- [YOUR ASSIGNMENT] Would you restate the entries below word for word, leaving out the images?

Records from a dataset
━━━━━━━━
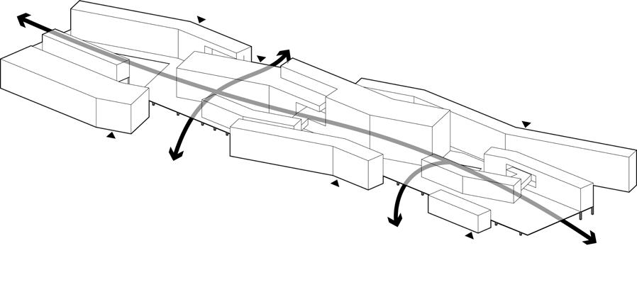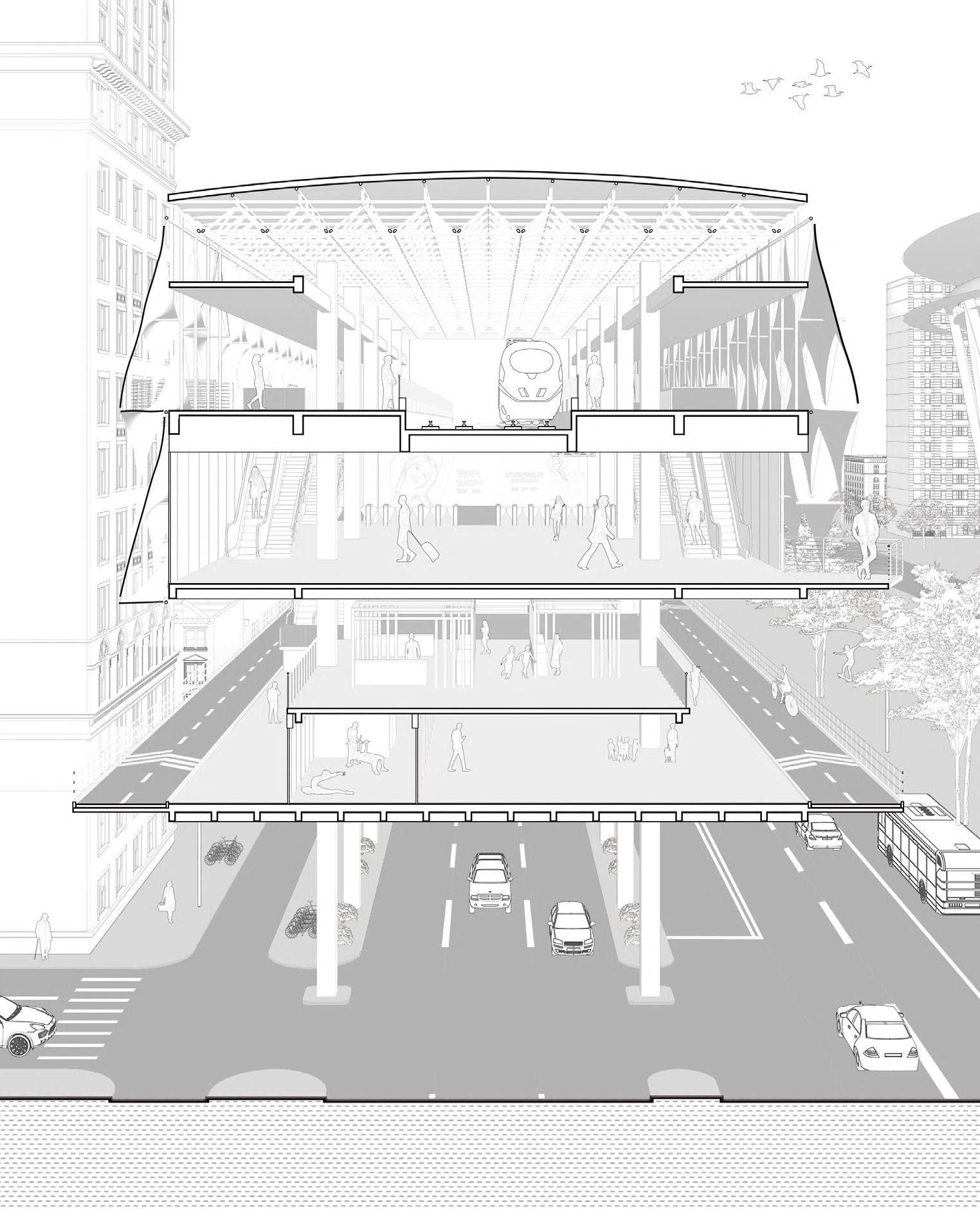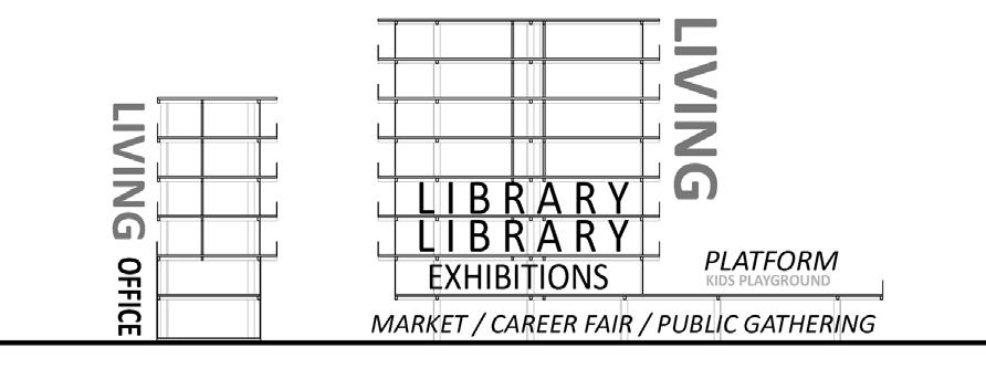 Plans: 1.Shaped platforms extend from the metro station to provide diverse spaces for people.
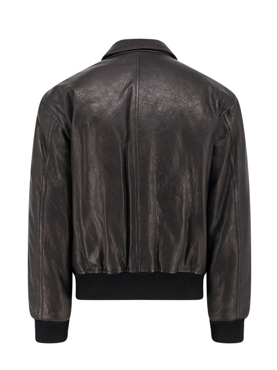 Saint Laurent's padded bomber jacket crafted in black grainy nappa. It features shirt-style collar, zip / snap-button closure, side pockets, long sleeves and wool ribbed knit edges.
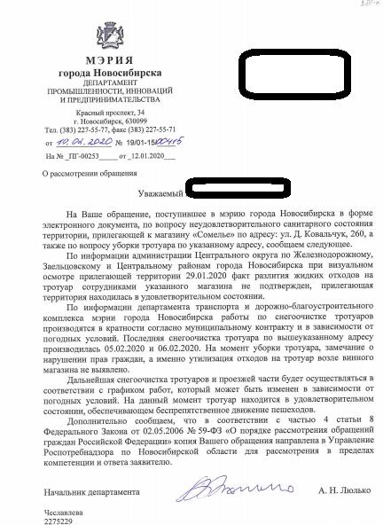 айГражданинОтправлено 10.01.2020: "Мэрия (администрация) города Новосибирск"
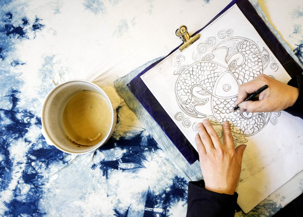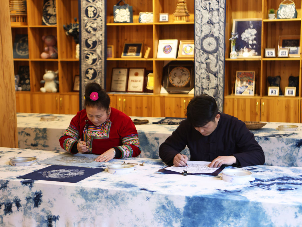 2025年3月14日,村民在肇興侗寨內(nèi)制作蠟染。近年來,當(dāng)?shù)丶哟髮?duì)少數(shù)民族非遺文創(chuàng)產(chǎn)品的研發(fā)和創(chuàng)新力度,同時(shí)進(jìn)一步加強(qiáng)線上銷售,通過微信、網(wǎng)上直播、網(wǎng)店等方式進(jìn)行帶貨,讓當(dāng)?shù)厝罕娡ㄟ^指尖增收致富。
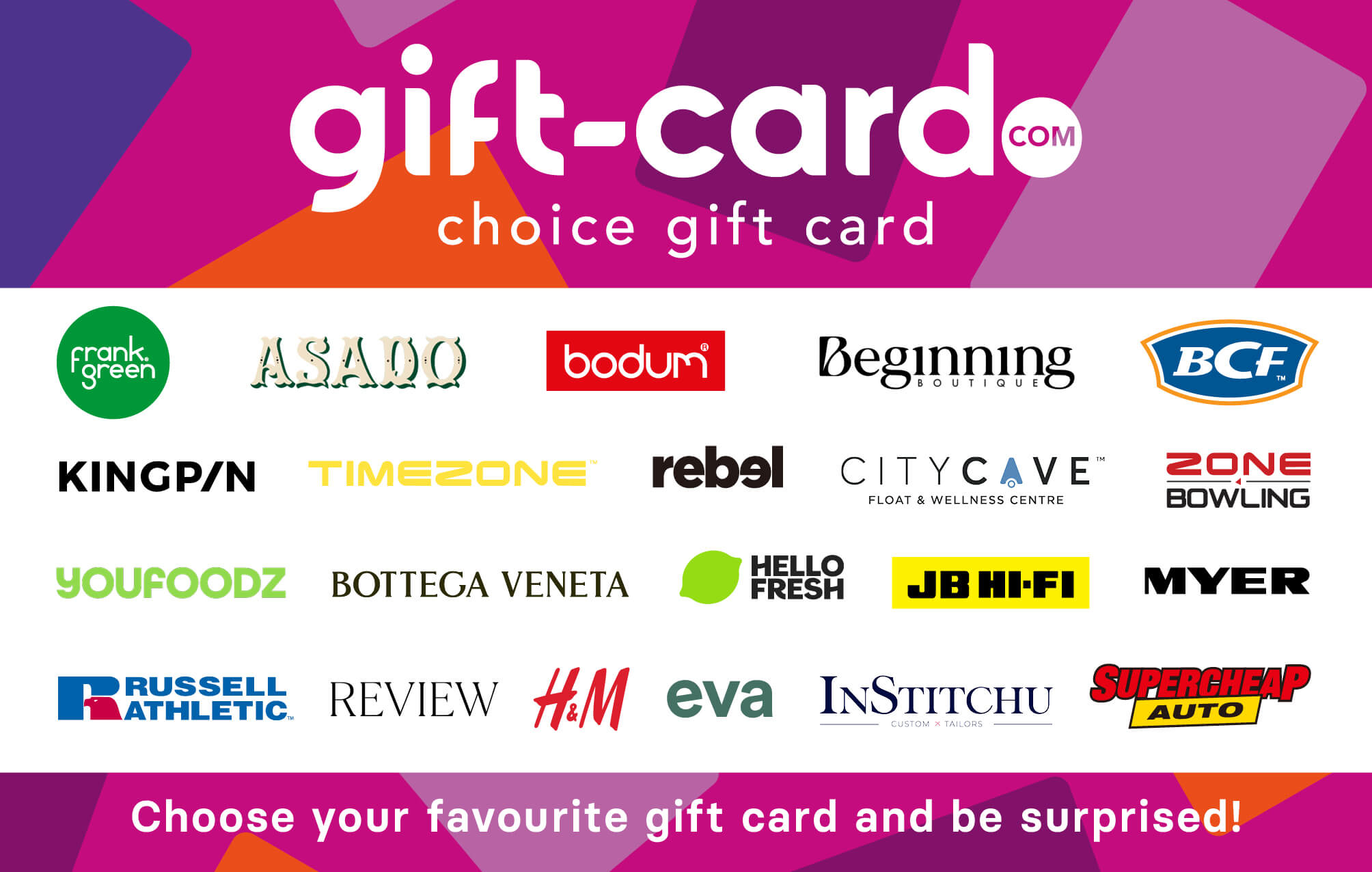 Treat someone to dozens of popular online shops and retail chains with our Choice Gift Card
━━━━━━━━
- [EXERCISE OUTPUT]
 Plans: 1.Shaped platforms extend from the metro station to provide diverse spaces for people.
 Saint Laurent's padded bomber jacket crafted in black grainy nappa. It features shirt-style collar, zip / snap-button closure, side pockets, long sleeves and wool ribbed knit edges.
 айГражданинОтправлено 10.01.2020: "Мэрия (администрация) города Новосибирск"
 2025年3月14日,村民在肇興侗寨內(nèi)制作蠟染。近年來,當(dāng)?shù)丶哟髮?duì)少數(shù)民族非遺文創(chuàng)產(chǎn)品的研發(fā)和創(chuàng)新力度,同時(shí)進(jìn)一步加強(qiáng)線上銷售,通過微信、網(wǎng)上直播、網(wǎng)店等方式進(jìn)行帶貨,讓當(dāng)?shù)厝罕娡ㄟ^指尖增收致富。
 Treat someone to dozens of popular online shops and retail chains with our Choice Gift Card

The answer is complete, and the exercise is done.